Christmas Songs We Can Do Without
You won’t find anyone who likes Christmas music much more than I do. I have to fight good common sense every year to keep from cranking up a little Bing Crosby way before Thanksgiving. But even guys like me have their limits. Even I hear a song come on the radio from time to time that makes me want to drive myself off the nearest cliff. Here’s a list of my current annoyances…
- Let It Snow (Gloria Estefan version): everybody likes a good trumpet, but 154 trumpets trying to outdo each other on higher and higher octaves are a bit much. Sing the song already, Gloria. Kill the brass.

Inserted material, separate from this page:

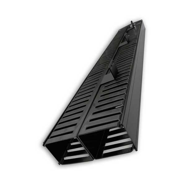 The Quest VR-07-140 delivers professional cable organization for 2-post open frame racks and floor enclosures with its innovative dual-sided design. Standing 6 feet tall, this vertical cable manager accommodates up to 140 cables (70 per side) through strategically positioned finger ducts that simplify routing and maintenance access. Built from robust 18 AWG cold-rolled steel with a refined black powdercoat microfinish, it combines durability with a polished appearance. The integrated PVC duct and cover system conceals wiring for a clean, professional look while protecting cables from damage. Complete with all mounting hardware, the VR-07-140 streamlines infrastructure management in demanding data center and server environments.

- Santa Baby (Eartha Kitt version): nothing says, “materialistic little princess” like this song. Every time it comes on the radio I totally overlook the cutesy novelty of it and just want to park her in front of a looping commercial about starving kids in Africa starring that guy who now that I think about it looks a little like Santa Claus anyway, so there.

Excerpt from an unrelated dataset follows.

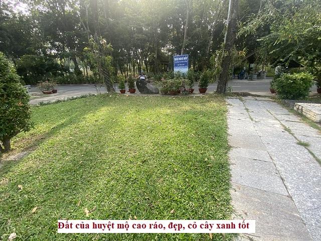 - Diện tích lớn: 13,02m² (gấp đôi so với diện tích tiêu chuẩn), thuộc khu vip B1.2. Huyệt mộ nằm ở vị trí đất cao ráo, cây cỏ tươi tốt, vô cùng đẹp.
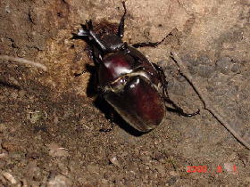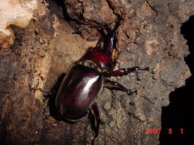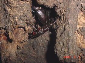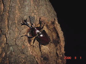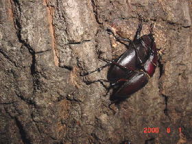 | 80mmはあろうかという大物である。ひとりで悠々と樹液を吸っていた。 | |

- Santa Baby (Madonna version): same as above, except this time it sounds like a four year old singing it.
- The Chipmunk Song (Christmas Don’t Be Late): written in 1958, this song proves that the 60’s wasn’t the only decade of rampant drug use.

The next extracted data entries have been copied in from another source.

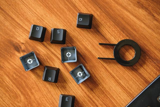 ▲配备的8颗红色亮泽面键帽,在更换上键盘后很醒目,其他的黑色键帽采用了雾面喷涂处理,所以在全新的时候摸起来手感是有点涩涩的,不过比较可惜就是这把键盘的键帽都是ABS材质,好在它的键帽都标准的十字口,如果资金到位的话就自己定制一套专属键帽替换吧。
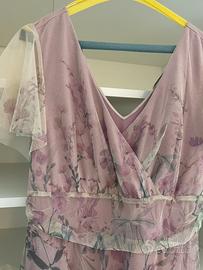 Vestito da cerimonia tg. 44 lunghezza cm. 150 vita cm. 40 nuovo con cartellino colore base rosa con fiori. Ritito a vs carico
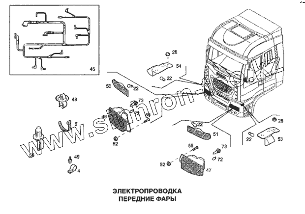 Каталог запасных частей к технике: IVECO Stralis. Электропроводка, передние фары
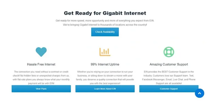 It offers speeds up to 1 GBPS so that your family or business can use the network as well. Also, EIN is known for its 5 Star and award-winning customer service. You can contact them via email or various social media platforms if you face any problems with your internet service.

- Any song by the Jackson Five where Michael has a conversation with his brothers. (“I did! I did see mommy kissing Santa Claus!” “Shut up and get back in the hyperbaric chamber.”) You’re a great singer, Mike. Don’t ruin it by talking.
- I Want A Hippopotamus for Christmas: ’nuff said.
How about you? Which songs cause you to want to rip your ears from your head and feed ’em to reindeer?